Sunday, September 17, 2006

Hell, Meet Handbasket

S: Apparently the Pope pissed the world off by stating that Mohammad is evil.
W: Oh, yeah?
S: Yeah. Something like the Muslims use violence to spread their religion. 'Cause you know, there's no violence in the Bible.
W: We need a new Bible.
S: [does double-take] You... want me to buy you a Bible?
W: No, no... I think it's time a new Bible was written.

.

12 comments:

Maggie said...

That whole "Crusades" thing...messy deal. Let's edit that out of history. Looks bad.

Syd said...

...as long as the Southern Baptists don't write it.

KMae said...

Yes! Yes!
A new Bible SHOULD be written.
There is one that has had all male pronouns taken out refering to God & written modernly, but it is only the New Testament. I wish there was a whole Bible written like that.

SassyFemme said...

I can hear the first crackling of thunder from those lightening bolts now!

Anonymous said...

Syd said: "...as long as the Southern Baptists don't write it."

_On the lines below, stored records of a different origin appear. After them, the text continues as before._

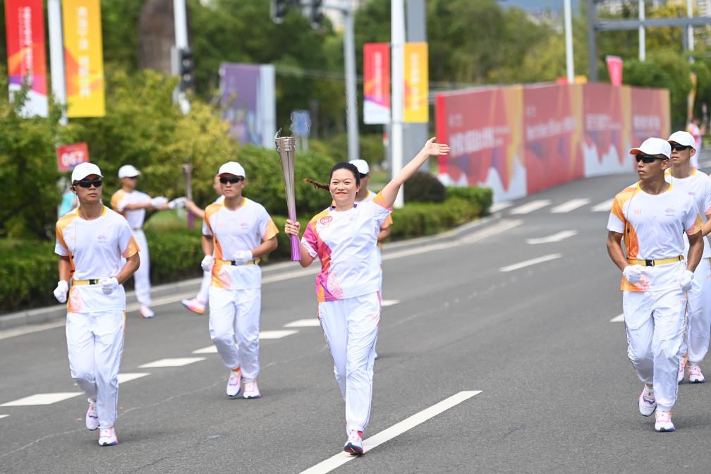 9月8日,火炬手羅雪娟在火炬?zhèn)鬟f中。當(dāng)日,杭州亞運(yùn)會(huì)火炬?zhèn)鬟f在杭州西湖涌金公園廣場(chǎng)啟動(dòng)。新華社記者翟健嵐攝
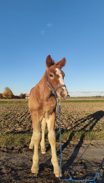 Geboren op 5 september 2025. Moeder: W-Lalka/Tajfun (de laatste twee foto's), vader: Poseidon/Lukas. Rustig van aard, geeft de benen, na het eerste hoefsmidbezoek loopt hij aan de longe, wordt hij aan de halster gewend, wordt hij vastgebonden en wennen aan aanrakingen over het hele lichaam (is wat wantrouwig). Hij leert heel snel. Ontwormd. Mogelijkheid tot castratie tegen meerprijs na het zogen. Ophaalbaar in maart, na het behalen van 6 maanden. In de toekomst geschikt voor recreatie, als gezelschapspaard, voor de koets of fotosessies – de moeder heeft een lange, dikke manen, dus er is een grote kans dat hij dat heeft geërfd. Ik vind het belangrijk dat het veulentje in goede handen komt, hij is niet voor de vleesproductie. Vanaf de geboorte dag en nacht op de wei met leeftijdsgenootjes.
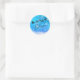 Des autocollants de Noël avec une silhouette noire de Père Noël dans son traîneau tiré par son renne volant à travers le ciel. Croyez écrit dans une police de script tendance. L'arrière - plan est un modèle de flocon de neige glacé bleu glacé.

To which Bill replied: Amen, sister!

weese said...

I love this idea. How about if all of us take a chapter - like in the New Testament ...John, Luke..etc.
I will start working on my chapter, which will of course be called 'Weese'. It will be basically hints and tips disguised as proverbs.

Anonymous said...

LMAO! That was a great exchange. Let's let the LGBT community write it..

Anonymous said...

AND, Women should write it. I mean, geeze, get a clue.

In the name of the Goddess...

sporksforall said...

I would totally read a Bible written by bloggers. Can I get mine with a nice embossed cover?

Anonymous said...

Can I write Revelations? It'll be a much better read this time... none of that flying up to heaven, leaving our clothes and blood behind us, bollocks!

GF

tiff said...

I say we just throw together the books that the Niceanes took out and use that as a starter.

Teresa said...

I smell a team-blogging project comin' on.